From the top of the entries, reproduce each line exactly, stopping after the line that contains "图为3月24日,参观者在中共一大代表宿舍旧址前拍照留念。 |". Omit pictures.

Segment Open

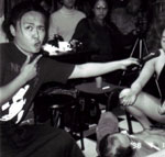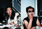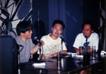 | 初公開後に映画を観たお客さんたちと『バトル・ロワイアル』を話し合おうと集まってくれた方々。故・深作欣二監督と健太監督が、サクさんが来るならと若松孝二監督も。そして司会を務めてくれた宮台真司さん。公開質問では退場者も出たエキサイティングなトークライブを、終止にこやかに笑っておられた深作監督が忘れられません。 |
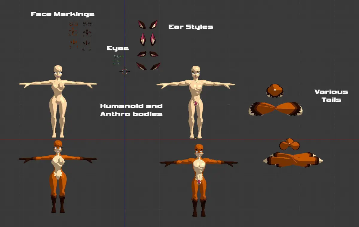 This is the totally nude, fully rigged, Acheron Kitsune Constructor kit. This constructor kit gives you extra body parts to create multiple Kitsune style characters, or your own perfect personalized version of the Kitsune.
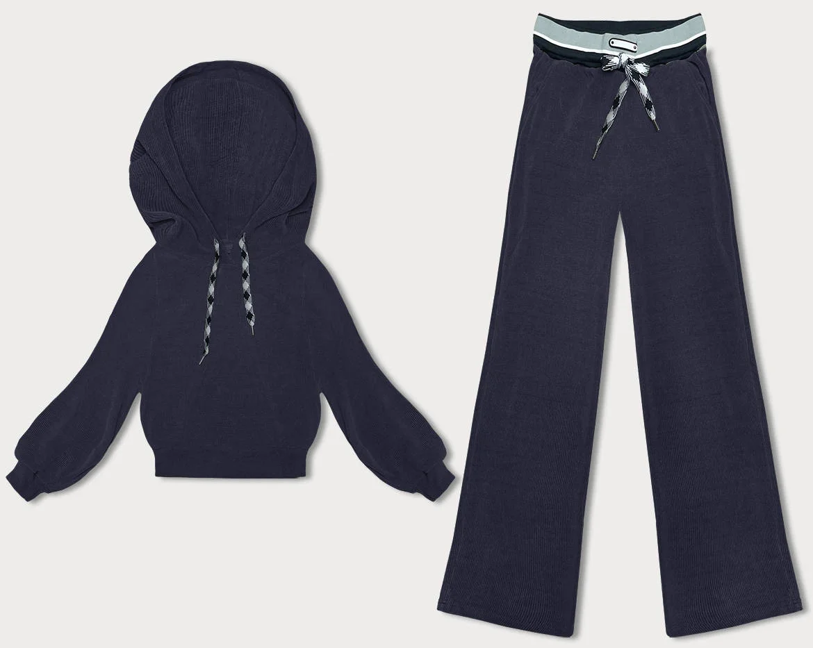 Tmavě modrý žebrovaný dámský komplet model 18878672 - LHD
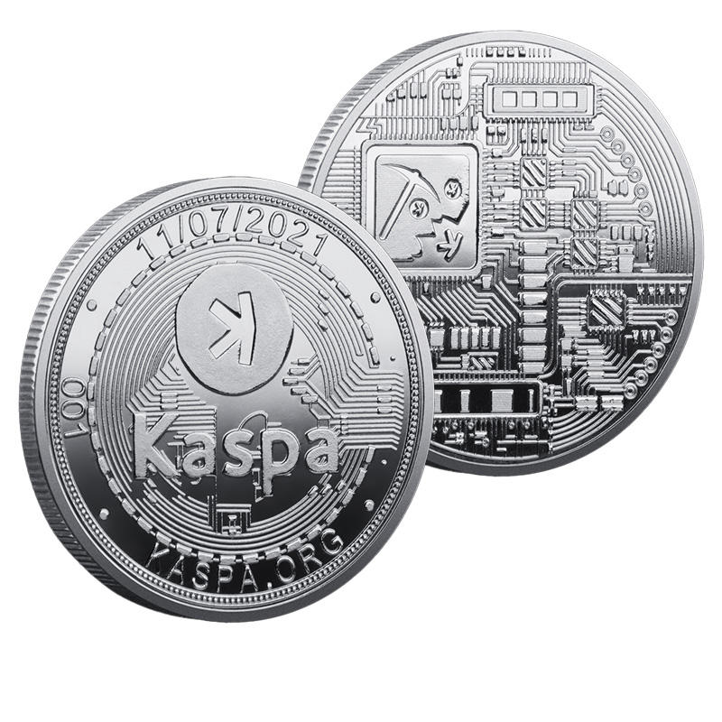 Moneta Commemorativa Kaspa in Stock, Due Stili di Colore, Chip Metallico di Alta Qualità, Elemento per Mining, Data 2021, Logo, Decorazione da Collezione
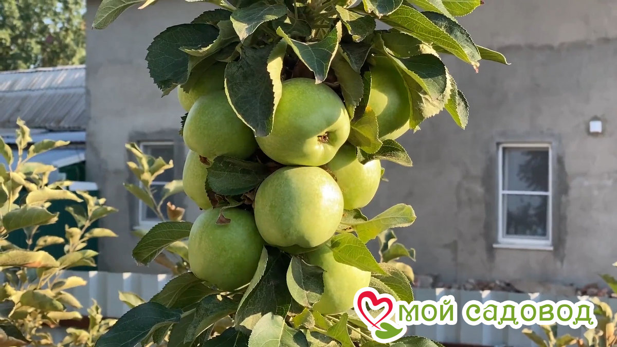 Зимнего срока потребления. Дерево колонновидное, среднерастущее. Плоды крупные, средней массой 200 г, приплюснутые, правильной формы.  Основная окраска зеленовато-желтая, покровная — на большей части плода размытая, темно-красная. Мякоть желтоватая, колющаяся, мелкозернистая, сочная, кисловато-сладкого вкуса. Дегустационная оценка вкуса — 4,5 балла.  В плодоношение вступает на 3-4-ый год. Иммунный к парше. Зимостойкий. Дерево отличается средней силой роста, в высоту достигает 2,5 м, имеет пирамидальную крону и тёмно-зелёные гладкие листья. Побеги толстые, крепкие, опушенные, цветки — розоватые, с овальными лепестками, имеют приятный аромат.
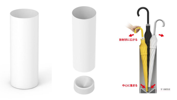 この傘立てはスチール製の円筒パーツと底受け部のパーツのみの最小限でシンプルなデザイン。底受け部をすり鉢形状にしたことで、傘の収納時に持ち手同士の間隔が広くなり、傘同士が絡まりにくく取り出しやすい仕組みになっている。また底部には吸水・乾燥機能に優れた珪藻土を使用している。
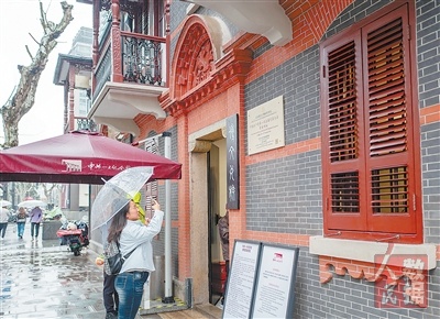 图为3月24日,参观者在中共一大代表宿舍旧址前拍照留念。 |
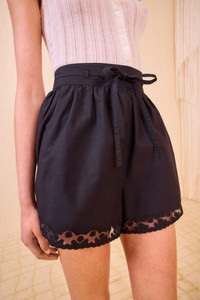 The Elowen Short is made from soft, water-washed poplin in classic black for optimized versatility. This breezy style is adorned with geometric tonal embroidery and tulle appliques at the hem that play with transparency. It is designed to sit high at the waist with a removable belt, has side pockets, and fastens with a concealed side zipper. Composition: 100% Cotton Pair it with our Callie Knit Camisole and Gracie Pointy Toe Flat to complete the look. Size & Fit - Model Height: 5'10"
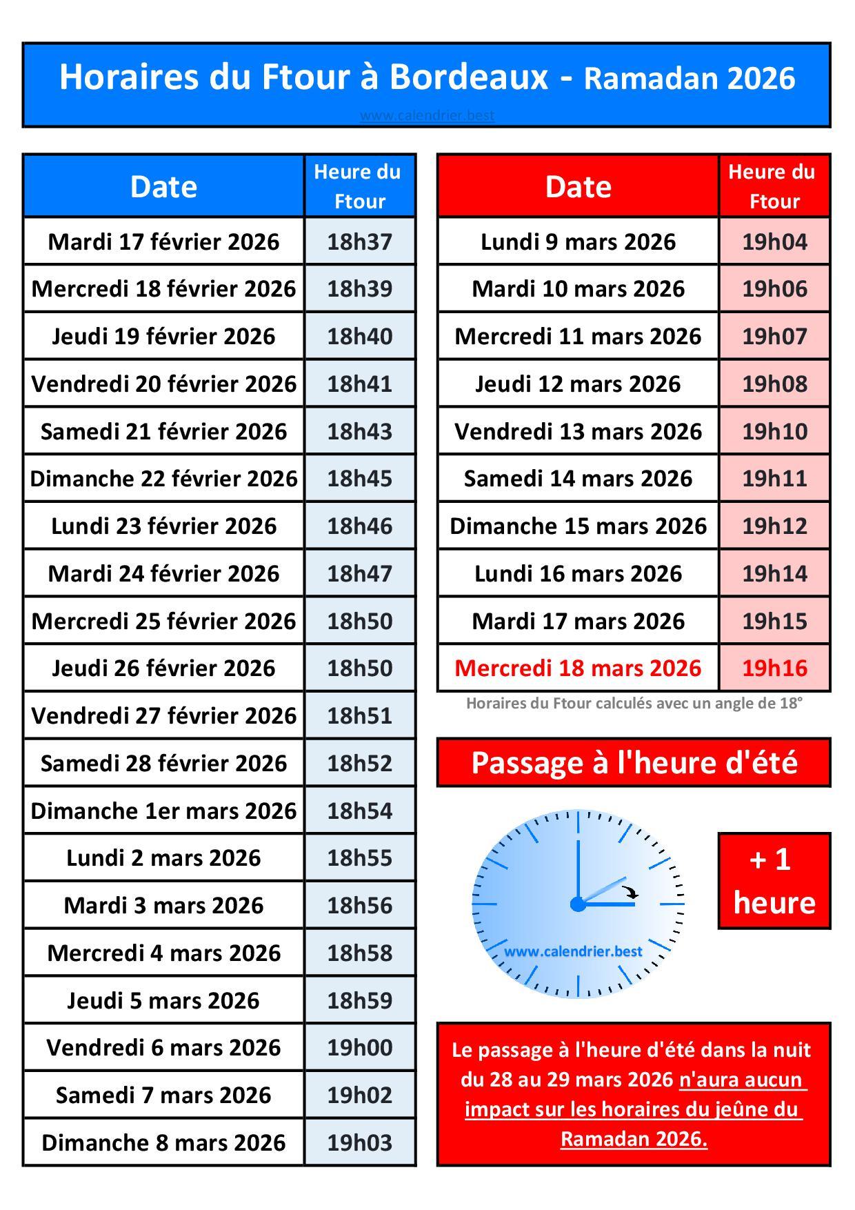 🕐 Bonne nouvelle : le passage à l'heure d'été (dans la nuit du 28 au 29 mars 2026) n'aura pas d'impact sur le Ramadan 2026 à Bordeaux. En effet, le mois de Ramadan 2026 se termine dans la soirée du mercredi 18 mars 2026, soit plusieurs jours avant le changement d'heure : les horaires du Ftour restent donc inchangés pendant toute la période du jeûne.
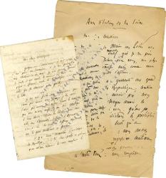 QUINET EdgarEnsemble de 3 manuscrits autographes (dont un signé et un incomplet), d’adresses aux électeurs. 9 pages in-folio in-8° (un feuillet effrangé).Belles proclamations républicaines. — Paris, 6 mai 1849, à ses concitoyens : « Voulez-vous rendre impossible le retour des Révolutions ? Confondez le salut de la République avec le salut même de la Patrie. […] La France a enfanté avec douleur la République. Mais la mère étouffe-t-elle son enfant à cause du travail qu’il lui a causé ? Ses douleurs mêmes lui sont une raison nouvelle de s’attacher au fruit de ses entrailles. »— [Vers 1870], aux électeurs de la Seine : « Il y a quarante ans quand nous affirmions la République, combien étions-nous ? Chaque année, la France est venue à nous. Qu’ont pu, contre nous, les interdictions, les proscriptions, les exils ? Ils n’ont servi qu’à augmenter notre nombre […] La République vit et elle vivra. »— [1871 ?], aux électeurs républicains de la Haute-Garonne. Se peut-il « que quelques Républicains se disposent à s’abstenir, ou […] à perdre leur vote sur un autre nom, que celui de Mr de Rémusat ? S’il en est ainsi, qu’ils me permettent de les adjurer de renoncer à une pensée si funeste à leur propre cause. »
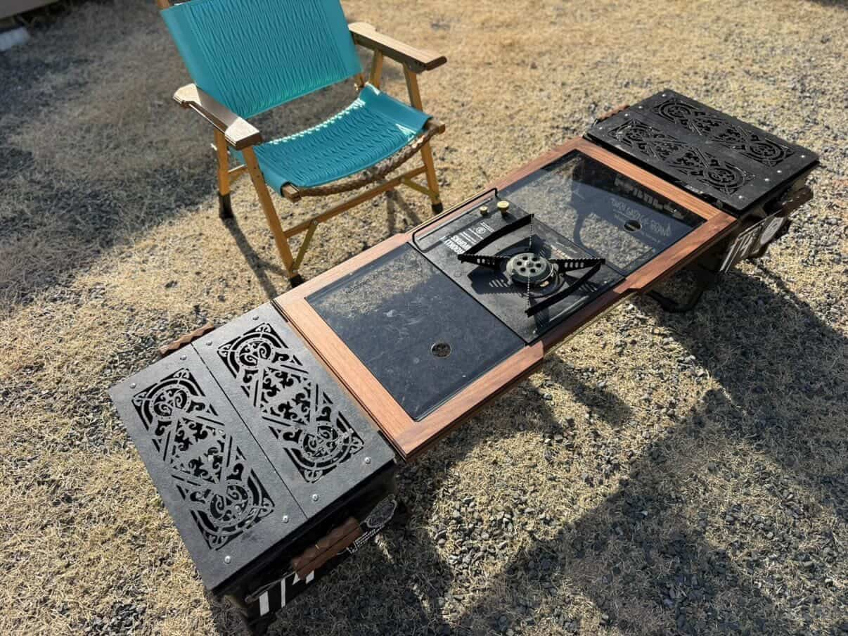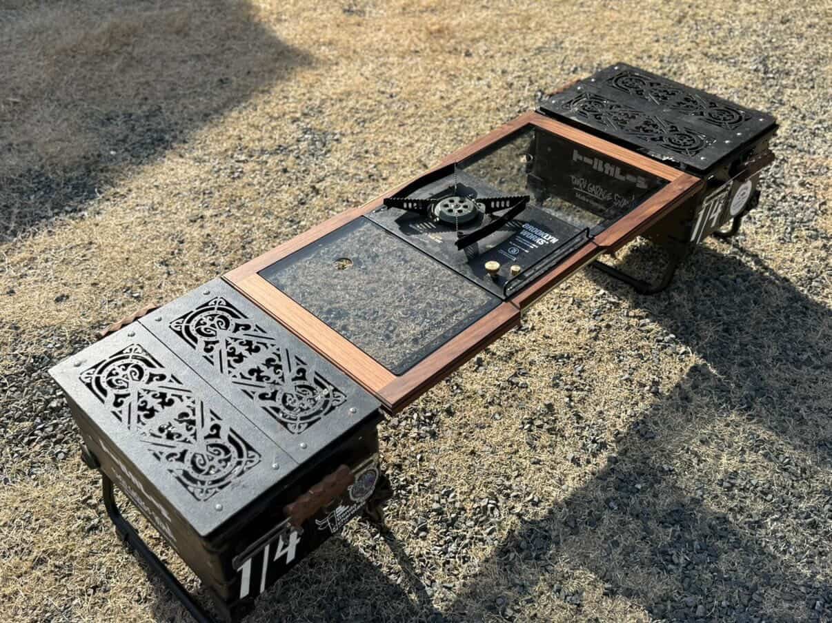 シェルコン2台を繋ぐだけで、キャンプサイトの中核を担う、堅牢かつ美しいメインテーブルが完成します。

Segment Closed

SOLUTION TO THE EXERCISE:
 | 初公開後に映画を観たお客さんたちと『バトル・ロワイアル』を話し合おうと集まってくれた方々。故・深作欣二監督と健太監督が、サクさんが来るならと若松孝二監督も。そして司会を務めてくれた宮台真司さん。公開質問では退場者も出たエキサイティングなトークライブを、終止にこやかに笑っておられた深作監督が忘れられません。 |
 This is the totally nude, fully rigged, Acheron Kitsune Constructor kit. This constructor kit gives you extra body parts to create multiple Kitsune style characters, or your own perfect personalized version of the Kitsune.
 Tmavě modrý žebrovaný dámský komplet model 18878672 - LHD
 Moneta Commemorativa Kaspa in Stock, Due Stili di Colore, Chip Metallico di Alta Qualità, Elemento per Mining, Data 2021, Logo, Decorazione da Collezione
 Зимнего срока потребления. Дерево колонновидное, среднерастущее. Плоды крупные, средней массой 200 г, приплюснутые, правильной формы.  Основная окраска зеленовато-желтая, покровная — на большей части плода размытая, темно-красная. Мякоть желтоватая, колющаяся, мелкозернистая, сочная, кисловато-сладкого вкуса. Дегустационная оценка вкуса — 4,5 балла.  В плодоношение вступает на 3-4-ый год. Иммунный к парше. Зимостойкий. Дерево отличается средней силой роста, в высоту достигает 2,5 м, имеет пирамидальную крону и тёмно-зелёные гладкие листья. Побеги толстые, крепкие, опушенные, цветки — розоватые, с овальными лепестками, имеют приятный аромат.
 この傘立てはスチール製の円筒パーツと底受け部のパーツのみの最小限でシンプルなデザイン。底受け部をすり鉢形状にしたことで、傘の収納時に持ち手同士の間隔が広くなり、傘同士が絡まりにくく取り出しやすい仕組みになっている。また底部には吸水・乾燥機能に優れた珪藻土を使用している。
 图为3月24日,参观者在中共一大代表宿舍旧址前拍照留念。 |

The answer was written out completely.